··· GIVEN DATA

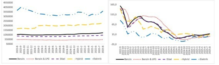 Yapılan araştırmaya göre hazırlanan “Otomobil Piyasası Görünümü” raporunda, Ağustos ayında otomobil talep endeksi geçen yıla göre yüzde 11,4 yükseldi. Reel fiyatlardaki düşüş yüzde 11,1’e gerilerken, elektrikli araçlar 3,6 milyon TL ortalamayla en pahalı yakıt türü oldu.
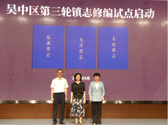 活动仪式上,jdb电子平台市地方志办公室党组书记、主任乐江,吴中区人民政府副区长朱筱菁,吴中区档案馆馆长柳建刚共同为吴中区启动了第三轮镇志修编试点。
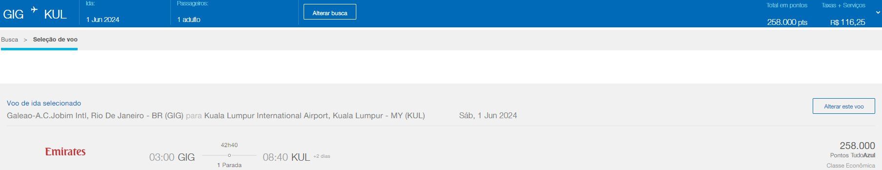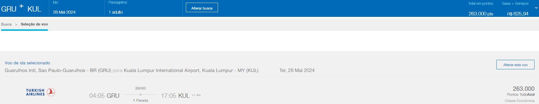 No Azul Fidelidade, existe a possibilidade de emitir voos com pontos em companhias parceiras através do Interline Azul, agora chamado de “Azul pelo Mundo em pontos”. Para a Malásia, é possível emitir voos com a Emirates e Turkish, uma vez que são as únicas parceiras do programa que realiza a rota e oferece tarifas award. Veja abaixo exemplos de emissão entre São Paulo (GRU) e Kuala Lumpur (KUL) em Classe Econômica com a Turkish e também com a Emirates:
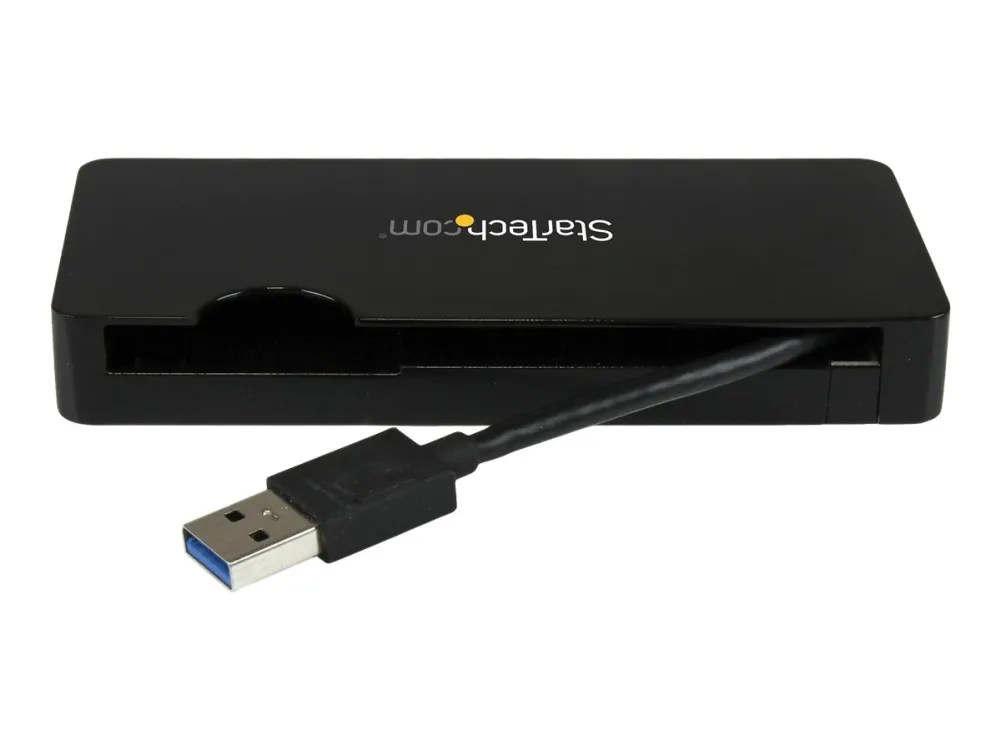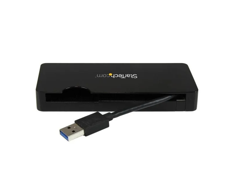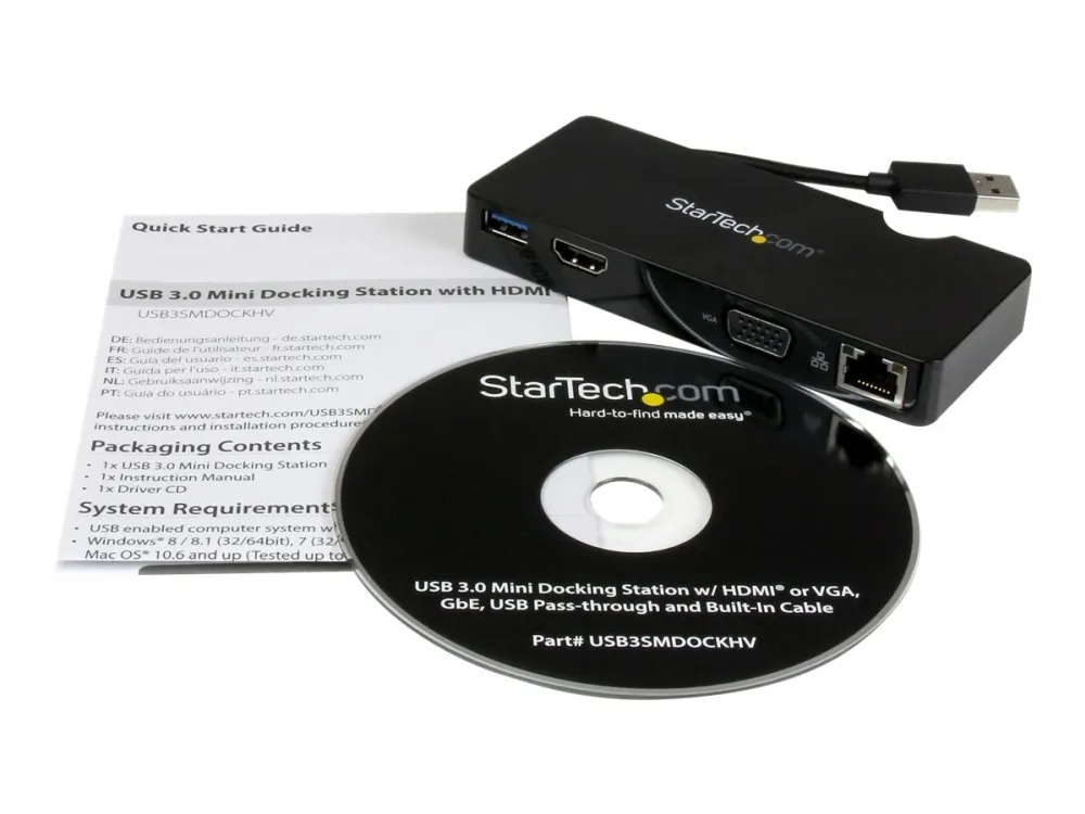 A versatile solution for connecting an additional display to your laptop, the travel docking station offers HDMI video output with audio, or VGA video output, providing two popular interfaces for connecting a television, projector, or monitor as a second display, with support for resolutions up to 2048x1152 (QWXGA). Leveraging the high-bandwidth (5Gbps) USB 3.0 interface to deliver flexible video output, a USB 3.0 hub port, and Gigabit Ethernet, you can quickly set up a multi-functional workstation while on the run, without sacrificing one of your laptop USB ports.
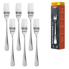 Комплектация – 6 столовых вилок. Тип вилок: столовые, Серия: STANDARD, Количество в комплекте: 6 шт., Толщина стали: 2 мм, Особенности ручки: металлическая, Стиль: классический, Материал: нержавеющая сталь, Длина: 205 мм, Цвет: серебристый, Упаковка: коробка. Код: 609078
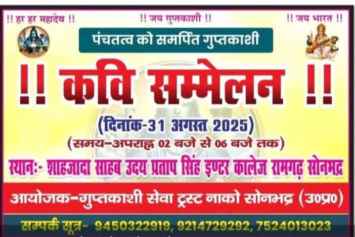 गुप्तकाशी सेवा ट्रस्ट नाको सोनभद्र के संयोजक/ कार्यक्रम आयोजक रवि प्रकाश चौबे ने बताया कि 31 अगस्त रविवार को दोपहर बाद दो बजे से छ बजे शाम तक शाहजादा साहब उदय प्रताप सिंह इंटर कालेज रामगढ़ में कवि सम्मेलन का आयोजन किया गया है। कवि सम्मेलन की
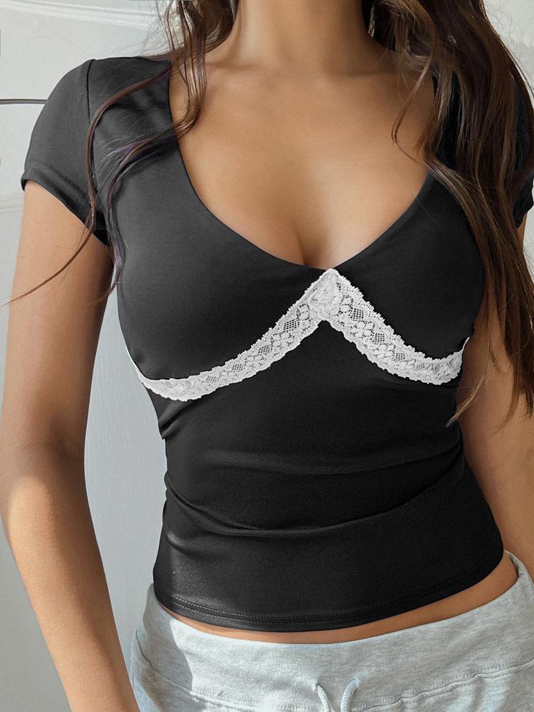 Diyun 2025 Primavera y Verano Europeo y Americano Amazon Y2K Tops de Manga Corta para Mujer Sexy Ajustado Tejido Contraste Blanco y Negro

······

▸ **EXERCISE REQUIREMENTS**: Nothing but the lines from the line containing "गुप्तकाशी सेवा ट्रस्ट" through the last line of the material may be output, and they must be copied exactly, without pictures.

▸ **RESULT BELOW**:
 गुप्तकाशी सेवा ट्रस्ट नाको सोनभद्र के संयोजक/ कार्यक्रम आयोजक रवि प्रकाश चौबे ने बताया कि 31 अगस्त रविवार को दोपहर बाद दो बजे से छ बजे शाम तक शाहजादा साहब उदय प्रताप सिंह इंटर कालेज रामगढ़ में कवि सम्मेलन का आयोजन किया गया है। कवि सम्मेलन की
 Diyun 2025 Primavera y Verano Europeo y Americano Amazon Y2K Tops de Manga Corta para Mujer Sexy Ajustado Tejido Contraste Blanco y Negro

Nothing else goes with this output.